M&A Specialist | Advisor | Author | Consultant

The Silver Bullet: Myth or Reality?

“Retailers should research new profit centers, so they don’t end up shooting blanks”

(This article first appeared in the January 14, 2008 edition of Convenience Store News. Click here for the PDF version as it first appeared in the magazine.)

Silver bullet: a product or service that, when added to an existing business, will instantly become a profit center, add to the overall value of the business and put cash in the owner’s pocket.

Myth or reality?

While that is my own personal definition, many owners and operators within the convenience store industry can identify with the term “silver bullet.” As a former owner, I too was lured by the magic a silver bullet had to offer. It came with the promise of immediate increased profits and was a guaranteed cure-all for sales woes.

The search for the silver bullet, or new profit center, in the c-store industry is evident in the recent explosion of foodservice. In 2006, the average c-store reported nearly $313,629 in operating expenses per store, up 16.3 percent over 2005, according to Convenience Store News’ 2007 Industry Report. To offset those expenses, operators have been seeking to add profit centers to help raise store margins. Most of that search has been focused on in-store sales, specifically in foodservice, which featured a 9.9-percent rise in gross margin dollars nationally last year.

One example of a c-store owner investing in the silver bullet came to me from a client in Terre Haute, Indiana He decided to put pizza in his store to boost profitability. After investing thousands in startup costs (along with adding equipment and hiring the labor to operate), his sales figures rose slightly.
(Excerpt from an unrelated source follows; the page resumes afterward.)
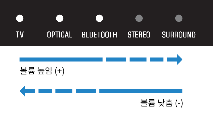 켜진 표시등의 숫자가 바뀌면서 볼륨 레벨을 표시합니다.

Then, after six months, his pizza oven broke. Interestingly enough, the loss of pizza sales did not affect his bottom line. The overall cost of installation -coupled with added labor costs, and food and paper costs- negated any profit he could have anticipated, making his six-month sales figures look remarkably similar with pizza as they did without it.
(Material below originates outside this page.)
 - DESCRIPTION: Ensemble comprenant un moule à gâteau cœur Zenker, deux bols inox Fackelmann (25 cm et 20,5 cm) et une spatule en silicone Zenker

Foodservice is not a bad idea. However, it’s important to consider the factors that influence the performance of your business before investing in that profit center. In this example, my client thought adding pizza would increase profits, but he underestimated the other factors that affected his bottom line, including the costs of additional labor, employee training, construction, and equipment and supplies.

Sometimes we hear about a fellow operator adding a new product or service that results in a $5,000 increase in-store sales, tempting us to do likewise. However, the mistake many make is not planning for the upfront and included costs of buying into, developing and maintaining that profit center. To help prepare for those costs, I counsel my clients to do two 12-month projections. Factor the new profit center into one projection and do the other projection without it. If the new profit center projection works out to $30,000 in increased sales, determine what it is going to cost you to add that additional $30,000. Keep in mind the upfront costs and that it may take you more than one year to realize that $30,000. Most importantly, discover the real bottom line and determine whether it’s going to be worth your time to develop.
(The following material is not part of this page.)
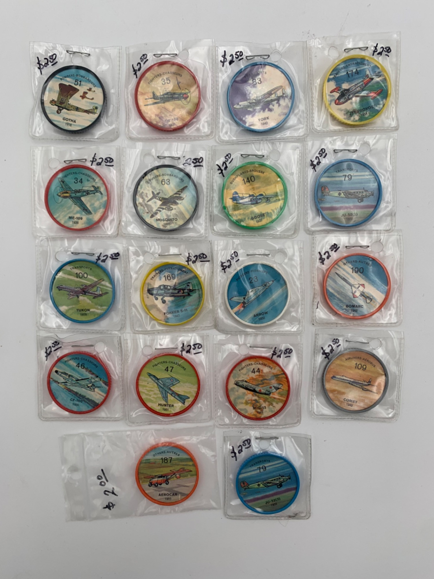 Premium awards from JELL-O and Hostess - early 1960s. This lot consists of 18 (including 2 duplicates of #79) from the "Famous Aircraft of the World" series. They measure approx. 1.25" W with an airplane on the front and a plastic disk on the back with Hostess/JELL-O imprinted.

Finally, before you decide to invest, locate an operator outside of your market area who is not a direct competitor and who has already invested in the same profit center. Many times, you can ask your vendors to give you the name of someone and then call them to ask how the new product or service has worked for them. The point is, do the research and fact-finding first, before you pull the trigger. You may find out that adding the silver bullet is worth your time and money, but you also may find out that the silver bullet is really a blank.